Savannah’s Planned Mission
Most people who are aware of the experiment do not understand what the N.S. Savannah was designed to do. Her planned mission was to prove to the world that the United States was committed to the proposition of using atomic power for peace and to show that a nuclear reactor could be used to power a commercial ship. She was never intended to be profitable. The details of Savannah’s design and operational history offer some valuable lessons for future nuclear ship programs.
Update: (Added April 2, 2011) In the second of the news clips in the below video, you will hear the specific statement made that the ship was never intended to be an economic commercial proposition.
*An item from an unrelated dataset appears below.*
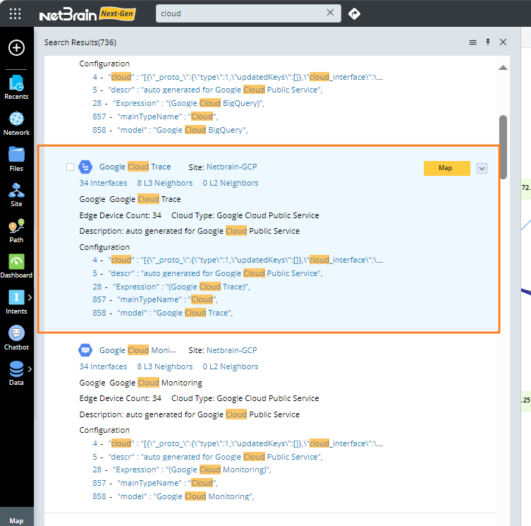 Note: In the search results, the cloud type of the searched-out cloud will be displayed. The NetBrain System supports five cloud types: MPLS L3 VPN, AWS Public Service, Google Cloud Public Service, Aryaka DC Cloud, and Internet Cloud.

Even when the ship was being launched, American taxpayers were informed that she was conceived and built to be a pioneer. At that time, people were comfortable with the idea that governments sometimes invest in new ideas and new demonstrations of technology.
End Update:
By technical measures, the ship was a success. She performed well at sea, her safety record was impressive, her fuel economy was unsurpassed and her gleaming white paint was never smudged by exhaust smoke.
A Lady at Sea
Savannah was visually impressive. Her hull was streamlined, looking more like a luxury yacht than a bulk cargo vessel. Even her cargo handling equipment was designed to look good. Maritime historians often comment that she was “the prettiest merchant ship ever built.”
Her interior was also not typical of bulk freighters; she was endowed with 30 air conditioned staterooms, each with an individual bath, a dining facility that could seat 100 passengers, a lounge that could double as a movie theater, a veranda, a swimming pool and a well stocked library.
She was a fast ship with incredible range. With her 20,000 horsepower nuclear engine her top speed was 23 knots. Savannah was capable of circling the earth 14 times at 20 knots without refueling.
Savannah was not well endowed with cargo space. Her holds could accommodate just 8,500 tons of freight in a total space of 652,000 cubic feet. Many of her competitors were able to transport several times as much cargo. Her streamlined hull made loading the forward holds a labor intensive proposition, which became a significant disadvantage as ports became more and more automated.
Her crew was larger than comparable oil powered ships (67 compared to about 50). Her budget included the maintenance of a separate shore organization for negotiating her port visits and a personalized shipyard facility for completing any needed repairs.
The crew was trained in special schools after completing all training requirements for conventional maritime licenses. The number of people sent through the training and attributed to the Savannah’s books indicates a plan for the eventual construction of additional nuclear steam ships.
Anyone familiar with the bulk shipping market could immediately recognize that a ship with Savannah’s characteristics could not be a commercial proposition. Her passenger space was wasted while her cargo capacity was insufficient.
Having a unique propulsion plant increased the cost of repairs and spare parts relative to machines with a larger installed base of customers. The large crew of hand-picked people added even more costs. Expecting her to make money as a bulk freighter was like expecting an auto show concept car to make money as a jitney taxi.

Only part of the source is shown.